Saturday, May 17, 2014

Share with Me Saturdays - Angela Shimitz Part 2

"How many heads long is this?"

Happy Saturday, everyone! I'm excited to share my dabble session with you this week. Angela and I did a lot more art and a lot less talking at our session back in March.

To catch up, here is her original survey post.

Angela studied art at Northern State University in Aberdeen, South Dakota, though, I was sure she'd continue playing clarinet forever (OK, maybe not). As she was planning her career path, she originally rejected teaching, "I have a whole family of teachers, so I said, no, I'm not going to teach!"

Having declared that to the universe, naturally she's been a K-12 art teacher the past nine(!) years in Ipswich, SD.

She's currently teaching elementary art classes, and leads art club and works on the yearbook for the school. For the high school-ers, she teaches art and photography classes.

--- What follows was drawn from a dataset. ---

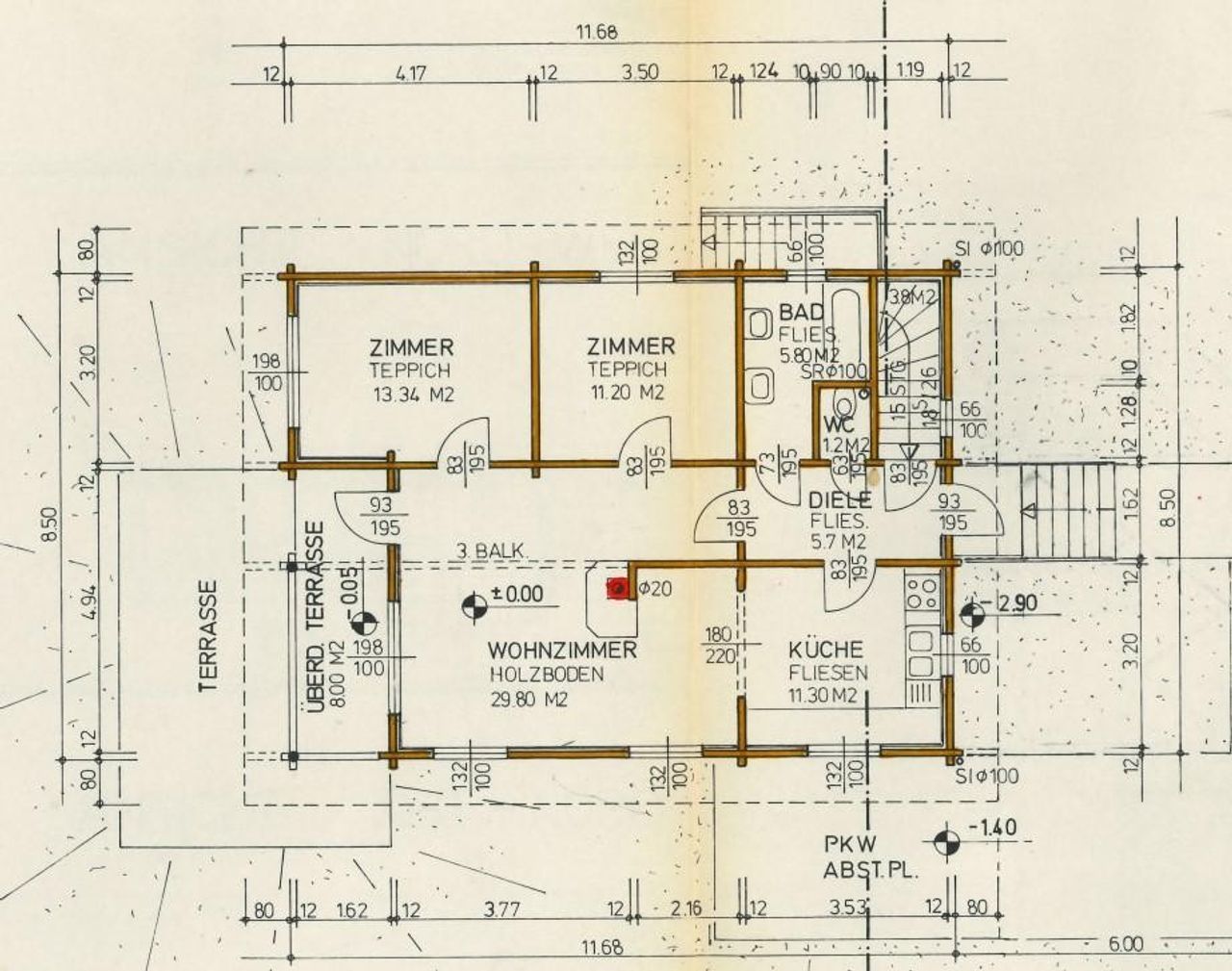 Das 1991 von Schultes Blockhaus fertig gestellte Holzblockhaus (12cm dicke finnische Hochlandkiefer zzgl. 5cm Wärmedämmung) verfügt über ca. 175 m² Wohn - und Nutzfläche, davon ca. 82 m² Wohnfläche im Erdgeschoss sowie ca. 25 m² Wohnfläche im Keller. Ein Highlight der Immobilie ist sicher die 20 m² große Terrasse die vom Wohnzimmer aus begehbar ist und über einen Abgang zum Garten verfügt, zudem sind ca. 10 m² der Terrasse überdacht.

Recently, her students have been interested in sculpture, so she invites them to come to her classroom during her lesson-planning time to work on projects.

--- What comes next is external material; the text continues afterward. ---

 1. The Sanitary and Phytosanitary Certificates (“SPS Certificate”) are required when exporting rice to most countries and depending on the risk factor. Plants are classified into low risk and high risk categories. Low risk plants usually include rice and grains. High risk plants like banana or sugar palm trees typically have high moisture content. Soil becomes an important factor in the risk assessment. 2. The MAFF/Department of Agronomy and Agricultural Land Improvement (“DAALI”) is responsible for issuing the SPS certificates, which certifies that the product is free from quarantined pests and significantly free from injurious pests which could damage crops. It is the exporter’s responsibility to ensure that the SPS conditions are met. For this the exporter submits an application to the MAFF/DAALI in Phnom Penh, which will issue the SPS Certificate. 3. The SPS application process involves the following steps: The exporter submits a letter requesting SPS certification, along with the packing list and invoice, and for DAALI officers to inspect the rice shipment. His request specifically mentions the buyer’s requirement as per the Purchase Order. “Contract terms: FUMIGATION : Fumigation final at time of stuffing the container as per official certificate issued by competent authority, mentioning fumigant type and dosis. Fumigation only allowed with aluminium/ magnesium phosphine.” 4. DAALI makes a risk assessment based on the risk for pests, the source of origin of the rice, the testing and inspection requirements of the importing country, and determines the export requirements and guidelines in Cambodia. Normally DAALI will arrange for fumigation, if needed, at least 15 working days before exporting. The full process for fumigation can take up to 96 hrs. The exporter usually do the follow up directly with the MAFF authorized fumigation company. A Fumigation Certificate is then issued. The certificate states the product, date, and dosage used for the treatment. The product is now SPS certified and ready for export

When working on her own art projects, she enjoys photography and painting (particularly using watercolor or acrylic paints, or mixed media projects).

Through May and June, we are celebrating her first solo art show at Presentation College's Wein Gallery in Aberdeen, and I'm a little TOO excited for Ang to share her painting tips with me.

So, we planned to do a painting together.

Photo Credit: Tim Gillespie

I picked out a beautiful photo from the Sloth Sanctuary Costa Rica website as our subject.

Stylistically, we decided we'd try a little expressive/abstract-ness.

Classy: OK! Where do we start?
Angela: We want to make a sketch of what we are painting. First, set the head and set the proportions from there. We'll measure proportions in "how many heads long this is."

We get the head on the paper, and she starts measuring around with her hands. Flipping between the photo and the drawing paper, saying some more words about sketching.

She lets me do some sketching and talks me through the process.

Photo Credit: Tim Gillespie

Angela [laughing]: I'm talking to you like I talk to my students.
Classy: Fine by me!

Once you have a sketch, it's time to start painting!

Classy: OK! Where do we start?
Angela: You'll start with base coat and highlighted [Classy: I think she means the places where the actual figures are in the work, or I just really took a bad note there] areas and work from there.

For the sake of the two hours we had to finish our project, we went straight to the details. We started with our sloth.


Photo Credit: Tim Gillespie

Classy: What's the difference between working with acrylic and watercolor paint?
Angela: Well, acrylic paint is easier to paint over! Watercolors are softer colors, but harder to paint over. Acrylics are also better for creating textures. Oil paint is good for that, too, but you have to wait so long for it to dry.

She stopped to let me work on some of the detail. I'm still pretty afraid of painting.

 Photo Credit: Tim Gillespie

About a second after that picture was taken, we knew she was going to have to finish the sloth, and we made a plan for some background painting I could do while she worked on that.

Photo Credit: Tim Gillespie
I was very excited about this development.

We had been talking about the French Impressionists exhibit I had visited at the museum and how I liked the style, so I think this is what she's having me paint.

So, we trucked along for awhile and then had the realization that our painting was going to stretch out farther than the photo did...and we did not know how a sloth ended.

Photo Credit: Tim Gillespie

 We made a plan and kept going.

Photo Credit: Tim Gillespie
And going.

Photo Credit: Tim Gillespie

And then we stopped.

Angela(or Classy, I can't remember): OK, that butt's not right.
Classy: What can we do to fix it?
Angela: Well, normally, if we had a base coat (and time), we could just paint another layer of base coat over what we were doing and start again.

So, we had to make a decision.

Photo Credit: Tim Gillespie

Angela(after just orange-ing over the extra butt): We can just give him an orange boarder.

Again, we only had two hours. :)

Photo Credit: Tim Gillespie

So, we finished our sloth. Well, as much as we could finish it that day.

She explained that when you are working on a piece, sometimes you just have to set it up somewhere and walk away from it to look at it to see what might still be left to do. "The hardest part of finishing is not to over-work something."

See, I was the one who was insistent that there be blue in the painting. But more at the top. I painted the sloth into some kind of trippy Wonderland place.

Photo Credit: Tim Gillespie
Typically, when you are done with your piece, the final process is some kind of gloss coat or sealer so your artwork will stay put. So, let's pretend we did that, too.

When it was time to go, I let Angela pick out her hat, and I couldn't not pose with the animal heads (we can thank Angela's husband for that opportunity).

Photo Credit: Tim Gillespie

Congrats on your gallery show, and congrats in advance for the new baby that will be arriving this summer. You put up with my crazy flailing and paint spilling everywhere with patience and grace. You'll be a great mom.